Я с удивлением повернулась к жрице. Мне плохо было видно её лицо, лишь белоснежный наряд выделялся светлым пятном в темноте. Но каким-то чутьём я распознала, что выцветшие глаза пристально исследуют меня с ног до головы.
Старуха верно сказала: в нашем роду уже давно выродились мужчины-чародеи. Также как в других благородных семьях, где рождаются юноши, становящиеся офицерами княжеской армии, уже более века не появилось женщин, обладающих магическими способностями. Хотя в старых книгах написано, что в былые времена, все девушки и юноши нашего сословия получали дар и могли дополнять друг друга.

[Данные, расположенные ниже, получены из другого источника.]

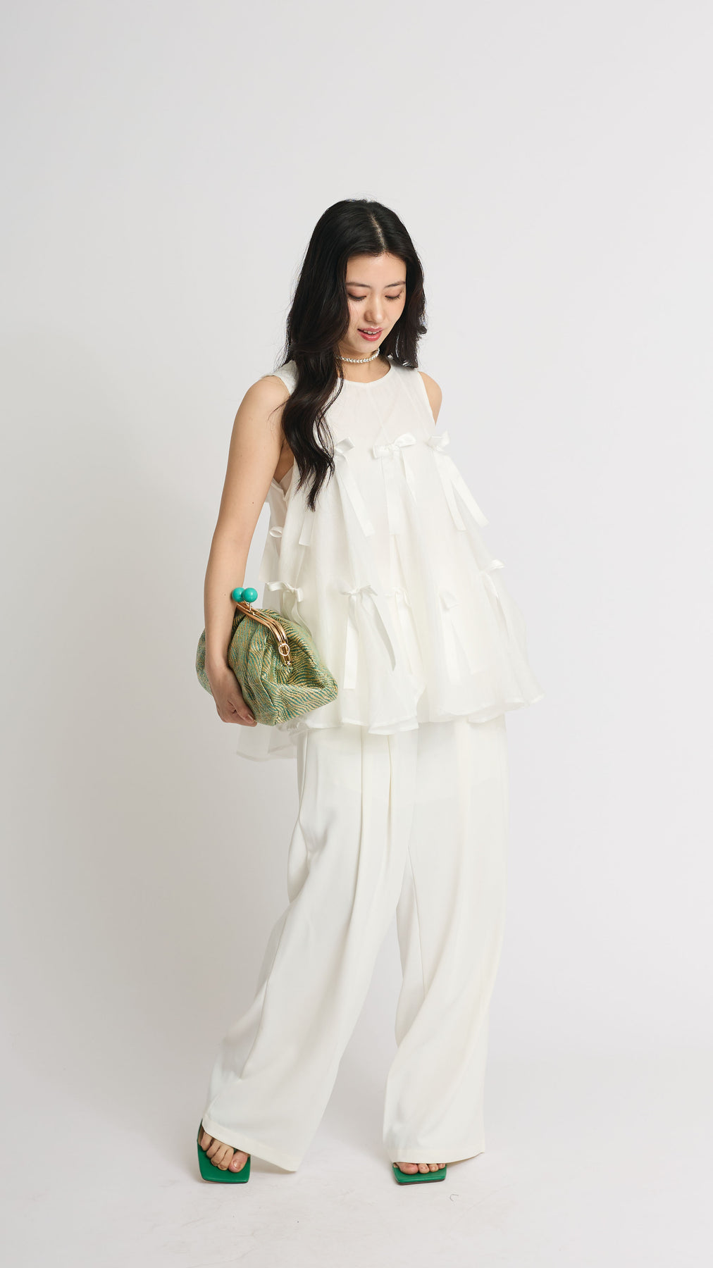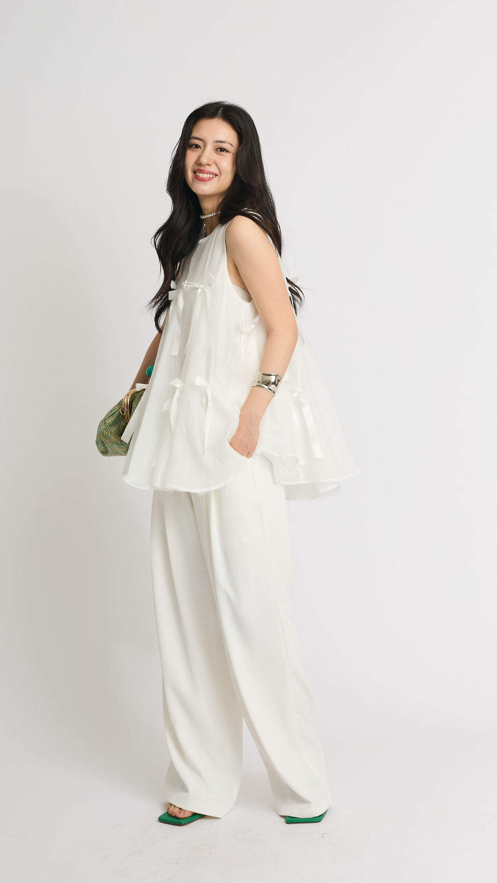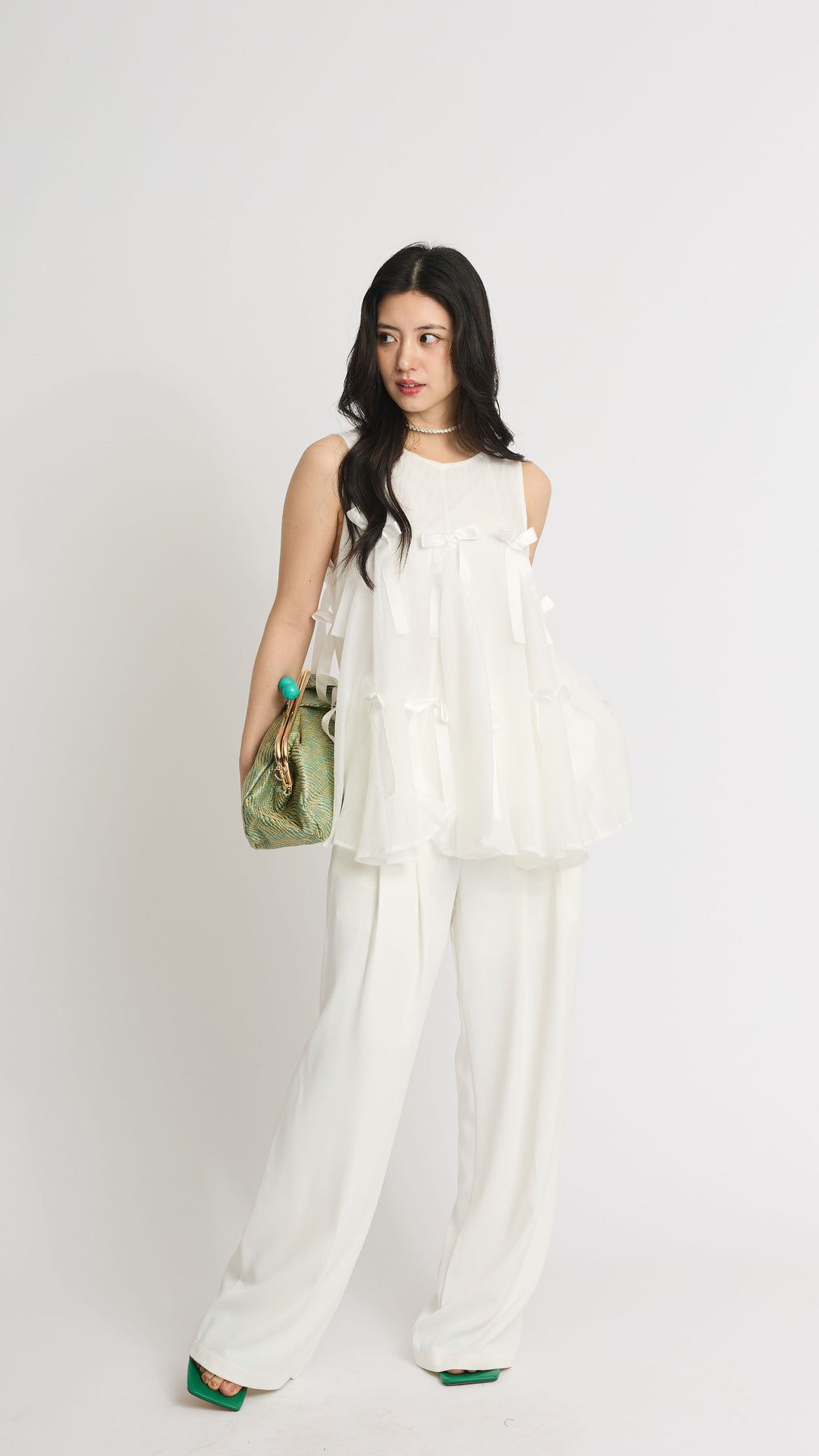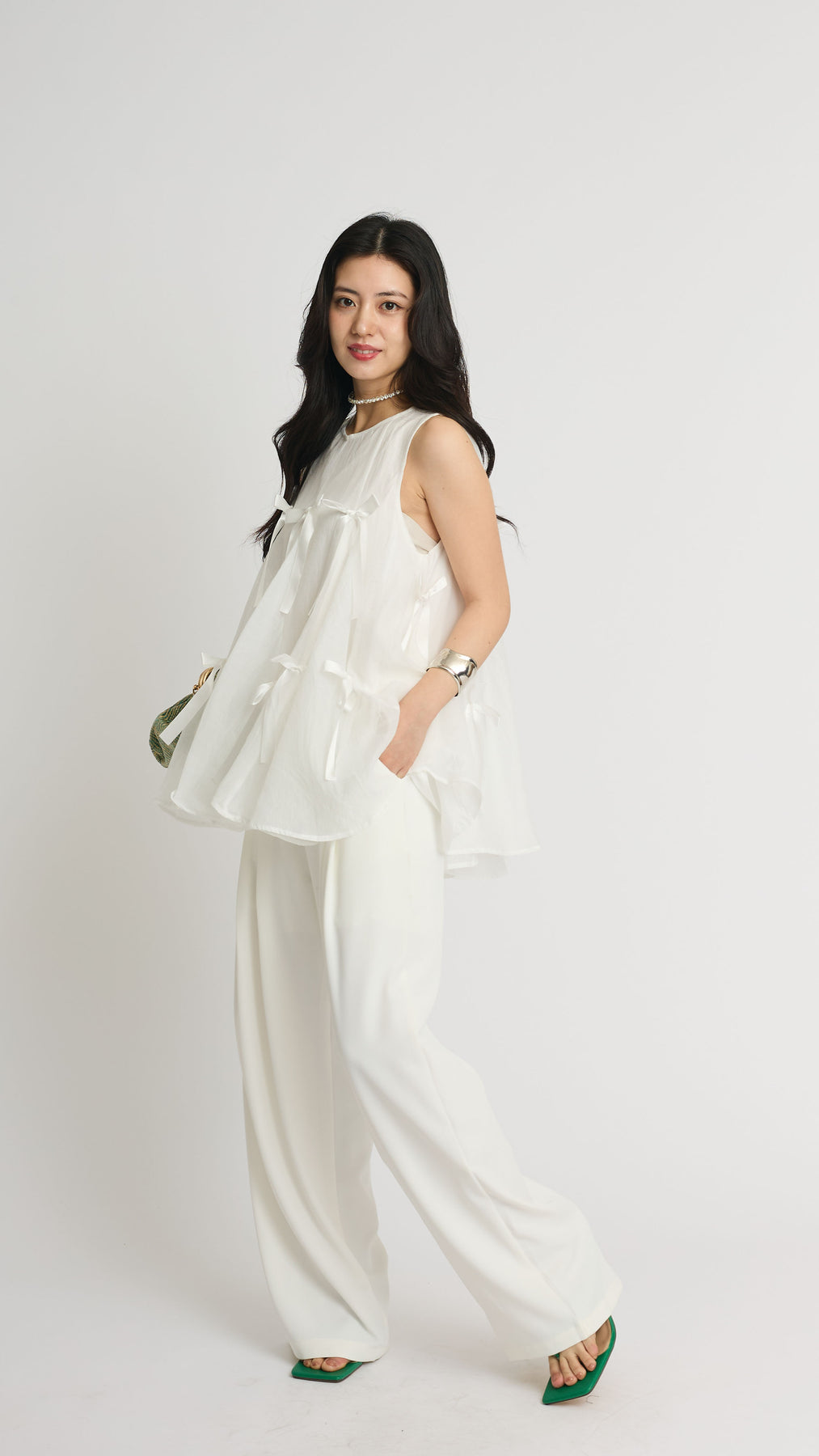 ふわりと広がるAラインシルエットに、可憐なサテンリボンをランダムにあしらったチュールトップス。軽やかな透け感と立体感のあるリボンが動くたびに揺れて視線を集めます。ボリュームがありながらもシアー素材なので抜け感があり、ワイドパンツやスリムパンツと合わせるだけで、洗練されたモード感漂うコーデに。結婚式の二次会からカジュアルなパーティまで、幅広いシーンに活躍する一着です。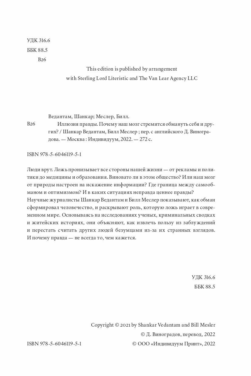 Иллюзия правды Почему наш мозг стремится обмануть себя и других (Билл Меслер); Individuum / Popcorn books, 2021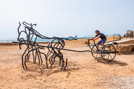 Caesarea, Israel - May 22, 2012: Tourist man standing on modern sculpture of Roman Horse Chariot made of black bent forged metal stand on ancient Caesarea beach where long time ago was hippodrom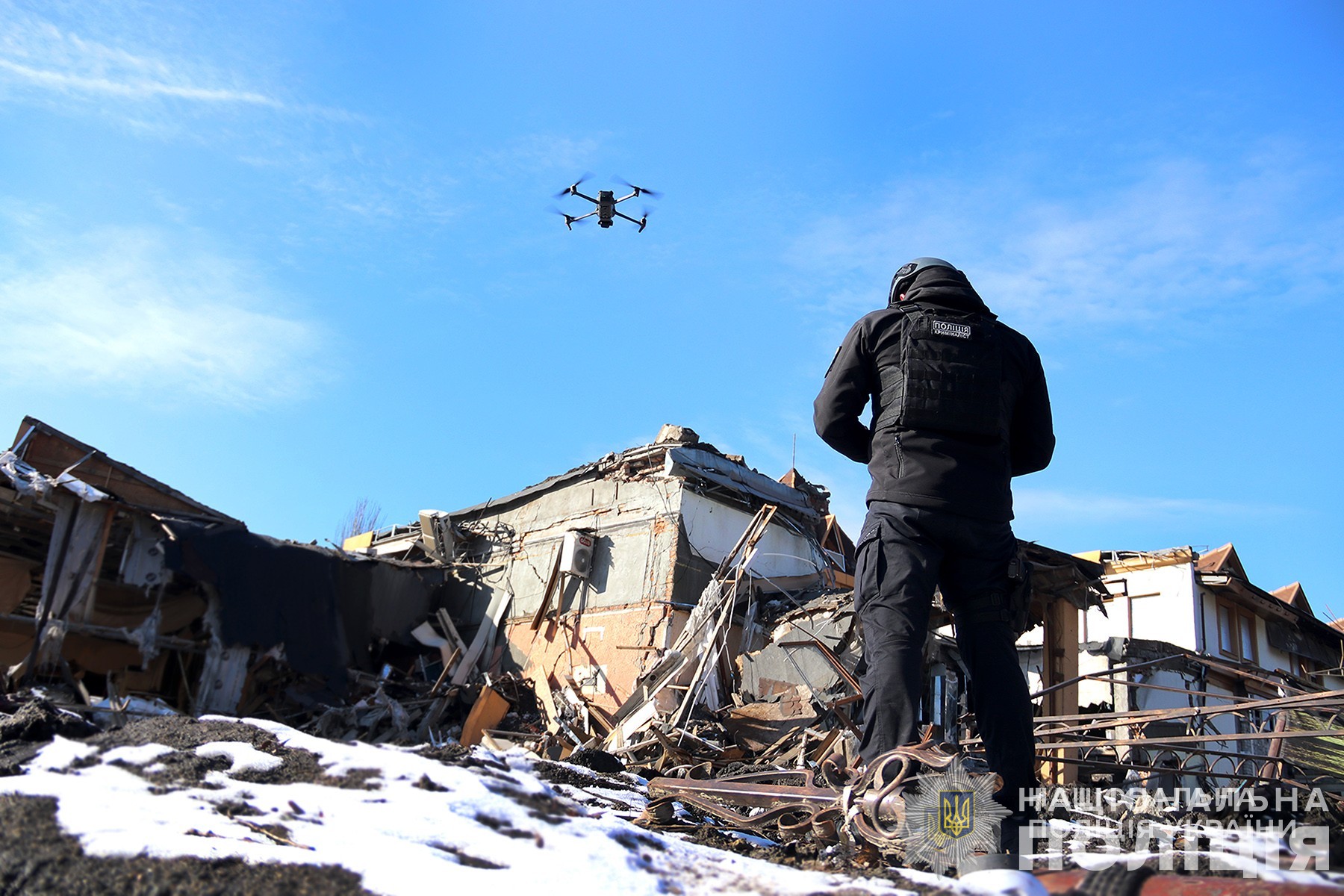 Для документування масштабних руйнувань інфраструктурних об’єктів, спричинених ворожими обстрілами, криміналісти проводять фото- та відеозйомку за допомогою БпЛА.

Разговоры о том, что магия постепенно исчезает, шли уже не первый год. Сначала в разных семьях она разделилась на мужскую и женскую, а потом и вовсе стал проявляться не в каждом ребёнке, как, например, случилось со мной. Ходили слухи, что если это продолжится, то уже в ближайшем будущем будет грозить гибелью Пограничья, ведь некому будет сдерживать атаки злобных тварей севера.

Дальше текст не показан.